#### Given data ####
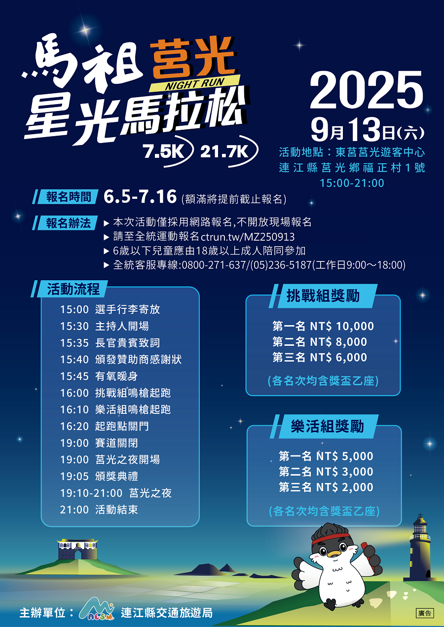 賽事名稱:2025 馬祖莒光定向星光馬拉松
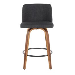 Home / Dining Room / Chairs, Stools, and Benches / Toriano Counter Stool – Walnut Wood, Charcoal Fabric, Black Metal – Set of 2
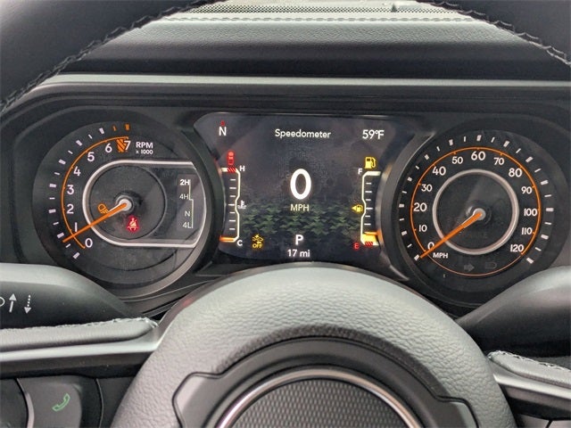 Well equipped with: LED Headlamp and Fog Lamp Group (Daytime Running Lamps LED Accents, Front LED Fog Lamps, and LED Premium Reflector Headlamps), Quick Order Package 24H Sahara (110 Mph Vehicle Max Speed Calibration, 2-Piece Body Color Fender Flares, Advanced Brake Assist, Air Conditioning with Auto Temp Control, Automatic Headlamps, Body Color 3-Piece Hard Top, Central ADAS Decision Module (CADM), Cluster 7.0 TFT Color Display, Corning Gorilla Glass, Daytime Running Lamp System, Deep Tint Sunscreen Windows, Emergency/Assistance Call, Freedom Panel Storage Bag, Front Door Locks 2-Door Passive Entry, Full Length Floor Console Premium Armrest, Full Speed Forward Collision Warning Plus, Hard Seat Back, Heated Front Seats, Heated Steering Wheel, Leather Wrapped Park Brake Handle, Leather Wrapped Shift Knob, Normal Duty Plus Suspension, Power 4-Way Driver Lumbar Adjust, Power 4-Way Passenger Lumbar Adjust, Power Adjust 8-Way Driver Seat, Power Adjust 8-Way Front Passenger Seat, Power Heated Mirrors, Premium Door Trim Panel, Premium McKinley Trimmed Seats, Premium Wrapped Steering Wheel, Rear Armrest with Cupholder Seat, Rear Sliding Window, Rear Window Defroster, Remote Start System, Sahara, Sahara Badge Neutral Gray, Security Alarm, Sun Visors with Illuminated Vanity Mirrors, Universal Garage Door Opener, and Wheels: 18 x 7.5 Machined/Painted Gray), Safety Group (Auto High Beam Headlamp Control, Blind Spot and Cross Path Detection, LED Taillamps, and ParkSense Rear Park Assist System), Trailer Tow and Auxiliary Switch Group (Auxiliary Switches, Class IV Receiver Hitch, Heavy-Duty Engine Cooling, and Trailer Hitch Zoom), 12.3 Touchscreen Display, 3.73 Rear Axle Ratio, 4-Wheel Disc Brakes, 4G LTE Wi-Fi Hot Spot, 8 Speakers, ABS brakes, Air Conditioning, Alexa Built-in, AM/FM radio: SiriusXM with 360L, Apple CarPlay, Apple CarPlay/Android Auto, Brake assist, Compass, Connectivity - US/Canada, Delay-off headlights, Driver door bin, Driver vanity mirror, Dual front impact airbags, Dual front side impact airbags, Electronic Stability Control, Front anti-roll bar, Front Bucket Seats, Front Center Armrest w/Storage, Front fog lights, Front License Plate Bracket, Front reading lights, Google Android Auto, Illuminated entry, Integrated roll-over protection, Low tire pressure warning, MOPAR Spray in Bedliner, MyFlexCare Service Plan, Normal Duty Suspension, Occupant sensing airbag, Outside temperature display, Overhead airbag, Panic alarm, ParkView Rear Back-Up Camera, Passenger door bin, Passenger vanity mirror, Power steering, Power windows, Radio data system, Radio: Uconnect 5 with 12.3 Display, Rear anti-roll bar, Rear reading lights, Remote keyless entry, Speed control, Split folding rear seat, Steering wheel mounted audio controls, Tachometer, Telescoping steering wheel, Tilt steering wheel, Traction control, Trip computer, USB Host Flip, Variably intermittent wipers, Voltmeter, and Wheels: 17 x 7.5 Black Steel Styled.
####
> [What you will do] Repeat the data verbatim through the "Home / Dining Room / Chairs, Stools, and" line, no pictures.

> [Solution to the exercise]
 賽事名稱:2025 馬祖莒光定向星光馬拉松
 Home / Dining Room / Chairs, Stools, and Benches / Toriano Counter Stool – Walnut Wood, Charcoal Fabric, Black Metal – Set of 2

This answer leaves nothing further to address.